Friday, September 21, 2012 8:10 PM
I had a call from work this evening advising me all mail had stopped inbound and outbound out of my Exchange 2010 SP2 server. When I got onto the call we could see the queue had just jammed up around 3000 mails. When I looked at the logs I could correlate that there was no disk space issue, memory looked normal etc. But there was an event 15004 loogged which talks about back pressure and server resources.
What I realised was at the time the issue started, I had ran the following powershell script on my server..
D:\Logs\*.log | Export-ActiveSyncLog -Output:"C:\Temp\Logs"
I was trying to get a log for analysis of all mobile device users. So at the time I ran this script, it appeared to run fine, it generated all the correct logs and all was good. But now in hindsight, what appears to have happened is it caused an issue with my mail transport and all inbound/outbound mail stopped. I checked all exchange services and they were all started as I would expect. As soon as I rebooted the server all was good in the world again.
Am I just being really paranoid and this is a massive co-incidence that the server which has run flawlessly for almost 6 months died at the same time I ran this export script, almost to the exact minute? Has anybody seen any issue like this before?
Friday, September 21, 2012 11:37 PMCouuld be related ast the export was on the c drive, so it may have generated some files. That event should say what type of back pressure you had, if it's realted to disk space then I would say it was the export reports.
Tuesday, September 25, 2012 10:38 AM
This was not a disk space issue.
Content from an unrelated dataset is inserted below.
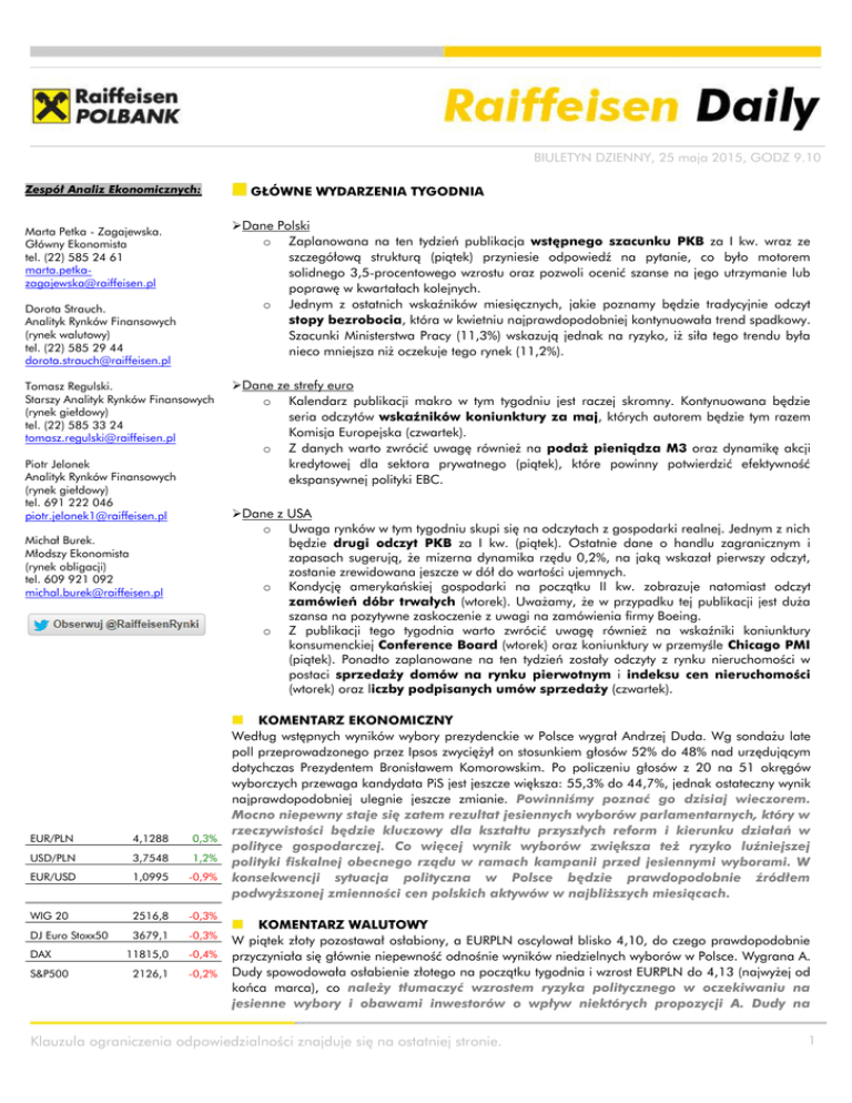 BIULETYN DZIENNY, 25 maja 2015, GODZ 9.10 Zespół Analiz Ekonomicznych: Dane Polski o Zaplanowana na ten tydzień publikacja wstępnego szacunku PKB za I kw. wraz ze szczegółową strukturą (piątek) przyniesie odpowiedź na pytanie, co było motorem solidnego 3,5-procentowego wzrostu oraz pozwoli ocenić szanse na jego utrzymanie lub poprawę w kwartałach kolejnych. o Jednym z ostatnich wskaźników miesięcznych, jakie poznamy będzie tradycyjnie odczyt stopy bezrobocia, która w kwietniu najprawdopodobniej kontynuowała trend spadkowy. Szacunki Ministerstwa Pracy (11,3%) wskazują jednak na ryzyko, iż siła tego trendu była nieco mniejsza niż oczekuje tego rynek (11,2%). Marta Petka - Zagajewska. Główny Ekonomista tel. (22) 585 24 61 [email protected] Dorota Strauch. Analityk Rynków Finansowych (rynek walutowy) tel. (22) 585 29 44 [email protected] Tomasz Regulski. Starszy Analityk Rynków Finansowych (rynek giełdowy) tel. (22) 585 33 24 [email protected] Piotr Jelonek Analityk Rynków Finansowych (rynek giełdowy) tel. 691 222 046 [email protected] EUR/PLN 4,1288 0,3% USD/PLN 3,7548 1,2% EUR/USD 1,0995 -0,9% WIG 20 2516,8 -0,3% DJ Euro Stoxx50 3679,1 -0,3% 11815,0 -0,4% 2126,1 -0,2% S&P500 Dane ze strefy euro o Kalendarz publikacji makro w tym tygodniu jest raczej skromny. Kontynuowana będzie seria odczytów wskaźników koniunktury za maj, których autorem będzie tym razem Komisja Europejska (czwartek). o Z danych warto zwrócić uwagę również na podaż pieniądza M3 oraz dynamikę akcji kredytowej dla sektora prywatnego (piątek), które powinny potwierdzić efektywność ekspansywnej polityki EBC. Dane z USA o Uwaga rynków w tym tygodniu skupi się na odczytach z gospodarki realnej. Jednym z nich będzie drugi odczyt PKB za I kw. (piątek). Ostatnie dane o handlu zagranicznym i zapasach sugerują, że mizerna dynamika rzędu 0,2%, na jaką wskazał pierwszy odczyt, zostanie zrewidowana jeszcze w dół do wartości ujemnych. o Kondycję amerykańskiej gospodarki na początku II kw. zobrazuje natomiast odczyt zamówień dóbr trwałych (wtorek). Uważamy, że w przypadku tej publikacji jest duża szansa na pozytywne zaskoczenie z uwagi na zamówienia firmy Boeing. o Z publikacji tego tygodnia warto zwrócić uwagę również na wskaźniki koniunktury konsumenckiej Conference Board (wtorek) oraz koniunktury w przemyśle Chicago PMI (piątek). Ponadto zaplanowane na ten tydzień zostały odczyty z rynku nieruchomości w postaci sprzedaży domów na rynku pierwotnym i indeksu cen nieruchomości (wtorek) oraz liczby podpisanych umów sprzedaży (czwartek). Michał Burek. Młodszy Ekonomista (rynek obligacji) tel. 609 921 092 [email protected] DAX GŁÓWNE WYDARZENIA TYGODNIA KOMENTARZ EKONOMICZNY Według wstępnych wyników wybory prezydenckie w Polsce wygrał Andrzej Duda. Wg sondażu late poll przeprowadzonego przez Ipsos zwyciężył on stosunkiem głosów 52% do 48% nad urzędującym dotychczas Prezydentem Bronisławem Komorowskim. Po policzeniu głosów z 20 na 51 okręgów wyborczych przewaga kandydata PiS jest jeszcze większa: 55,3% do 44,7%, jednak ostateczny wynik najprawdopodobniej ulegnie jeszcze zmianie. Powinniśmy poznać go dzisiaj wieczorem. Mocno niepewny staje się zatem rezultat jesiennych wyborów parlamentarnych, który w rzeczywistości będzie kluczowy dla kształtu przyszłych reform i kierunku działań w polityce gospodarczej. Co więcej wynik wyborów zwiększa też ryzyko luźniejszej polityki fiskalnej obecnego rządu w ramach kampanii przed jesiennymi wyborami. W konsekwencji sytuacja polityczna w Polsce będzie prawdopodobnie źródłem podwyższonej zmienności cen polskich aktywów w najbliższych miesiącach. KOMENTARZ WALUTOWY W piątek złoty pozostawał osłabiony, a EURPLN oscylował blisko 4,10, do czego prawdopodobnie przyczyniała się głównie niepewność odnośnie wyników niedzielnych wyborów w Polsce. Wygrana A. Dudy spowodowała osłabienie złotego na początku tygodnia i wzrost EURPLN do 4,13 (najwyżej od końca marca), co należy tłumaczyć wzrostem ryzyka politycznego w oczekiwaniu na jesienne wybory i obawami inwestorów o wpływ niektórych propozycji A. Dudy na Klauzula ograniczenia odpowiedzialności znajduje się na ostatniej stronie. 1 BIULETYN DZIENNY, 25 maja 2015, GODZ 9.10 finanse publiczne oraz kondycję gospodarki. Bezpośrednią reakcję na dzisiejszej sesji może nasilać fakt, że największe światowe rynki nie będą pracować (ze względu na święto m.in. w USA, Wielkiej Brytanii i Niemczech). W efekcie wahania EURPLN mogą być zawyżone z uwagi na obniżoną płynność. Z perspektywy analizy technicznej ważnym oporem ponad szczytem z maja przy 4,11 jest właśnie obecny poziom 4,13, gdzie przebiega 38,2% zniesienie spadków z końca grudnia oraz 100-sesyjna średnia ruchoma. Bariera ta może zahamować dalsze wzrosty pary o ile nie nastąpi jednoczesne pogorszenie nastrojów na rynkach zagranicznych. W średnim terminie należy natomiast oczekiwać utrzymania podwyższonego ryzyka politycznego. Wygrana A. Dudy zapowiada bowiem gorącą kampanię przed wyborami parlamentarnymi na jesieni. W przełożeniu na EURPLN nie powinno to jednak oznaczać trwałego ruchu w górę, a raczej stanowić potencjalne, kolejne źródło zmienności, zwłaszcza na III i IV kwartał roku (np. obok polityki EBC i Fed). Jest to jednocześnie znacznie mniejszy czynnik ryzyka dla notowań polskiej waluty niż perspektywa wzrostu stóp procentowych w USA w II połowie roku i potencjalnego odpływu kapitału z Polski z tego powodu. Piątkowe notowania przyniosły też ważne zmiany w notowaniach par dolarowych. Choć dane o inflacji z USA zazwyczaj powodują niewielką reakcję rynku, piątkowy odczyt o godz. 14.30 zbiegł się z wyraźnym umocnieniem USD, przy braku innych istotnych informacji, które mogły wywołać taki ruch. Dynamika inflacji CPI w kwietniu pozostała ujemna i wyniosła -0,2%r/r (niżej niż ocze

The error logged on my server states...
The following resources are under pressure:
Physical memory load = 93% [limit is 94% to start dehydrating messages.]
Submission Queue = 2000 [Medium] [Normal=1000 Medium=2000 High=4000]
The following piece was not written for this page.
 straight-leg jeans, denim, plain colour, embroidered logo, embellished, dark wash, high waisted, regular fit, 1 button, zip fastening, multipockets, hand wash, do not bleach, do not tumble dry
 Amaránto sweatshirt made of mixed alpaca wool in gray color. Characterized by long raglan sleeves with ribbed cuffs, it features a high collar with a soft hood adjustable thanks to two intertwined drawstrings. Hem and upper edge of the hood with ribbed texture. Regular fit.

So I can see that when the submission queue hits 2,000 mails the server resource hits the "Medium" threshold and it then disabled the various components. Now I cannot find anything that would tell me why the submission queue on this one server stopped processing mails. I can only correspond it to the fact this all happened right after I ran the export command.
Tuesday, September 25, 2012 10:52 AM
It seems like the memory was close but the the submission queues was the actual issue.
What you can check if the logging is enabled is the protocol logs and message tracking to see what those message were which were sent.
The issue is clear, the submission queues were the cause.
Tuesday, September 25, 2012 10:56 AM
I think I may be getting closer on this one. I did a little more digging on this one and can see from my logs that there are a load more errors from earlier on in the day..
The execution time of agent 'McAfeeTxRoutingAgent' exceeded 90000 milliseconds while handling event 'OnCategorizedMessage' for message with InternetMessageId: 'Not Available'. This is an unusual amount of time for an agent to process a single event. However, Transport will continue processing this message.
- Edited by LambyUK Tuesday, September 25, 2012 10:56 AM
Tuesday, September 25, 2012 11:00 AM
I don't believe the script has anything to do with the issue. It's just happened to be when you ran the script. The script just exports to the file system. It doesn't send any messages.
The AV seems to be more relevant, how many of those events do you see:?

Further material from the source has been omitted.